Thrift Savings Program (TSP) participants will be able to contribute more money in 2018. Starting January 1, 2018, active duty service members, most reservists and government civilian employees will be able to contribute up to $18,500 a year into TSP accounts — a $500 increase from 2017. Individuals over 50 years old can also contribute an additional $6,000 a year in “catch-up” contributions for a total of $24,500.
TSP Fund Options
The TSP has 5 different investment fund options participants can contribute to:
- C Fund – S&P 500 index stocks
- S Fund – stocks of U.S. companies not included in the S&P 500 Index
- I Fund – international stocks
- F Fund – corporate bonds
- G Fund – US Treasury securities
In addition to these five fund options, there are also Lifecycle Funds (L Funds), which are comprised of differing fund mixes based on the participants expected retirement date. Currently the TSP offers the L2020, L2030, L2040, and L2050 funds, with each fund investment mix adjusted accordingly to match the expected retirement date. The TSP offers both conventional and Roth investment options.

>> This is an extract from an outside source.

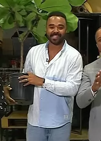 on Today on NBC was spotted wearing this blue striped shirt on Today on Jul 26 2023's episode. 's Shirt is the Relaxed Fit Lightweight Mixed Chambray Shirt in Sea Blue by Scotch & Soda.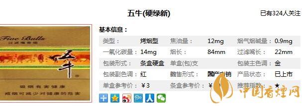五牛香煙參數(shù)信息

New Blended Retirement Option in 2018
In January 2018 the Blended Retirement System (BRS) will begin for new service members. Current service members with less than 12 years active service will have the option of enrolling in the BRS.
All service members under the BRS will automatically be enrolled to contribute 3 percent of their base pay to the TSP, which can be changed at any time. BRS participants will also receive a TSP matching contribution of 1 percent of their base pay from the government.
After 2 years, the government’s matching contribution will go up to 5 percent of base pay. That means for a contribution of 5 percent or more of base pay to the TSP, the government will match up to 5 percent.
If you decide to leave the military before retirement, you can take the retirement account with you. You are limited on what you can do with your TSP money, usually you can’t take it out until retirement age unless you take out a loan against the account. You can also transfer your money out of the TSP and into a different qualified retirement plan. If you continue to work for the government after leaving the service you can continue putting money into the TSP account. If funds are withdrawn for any other reason there are potential tax penalties.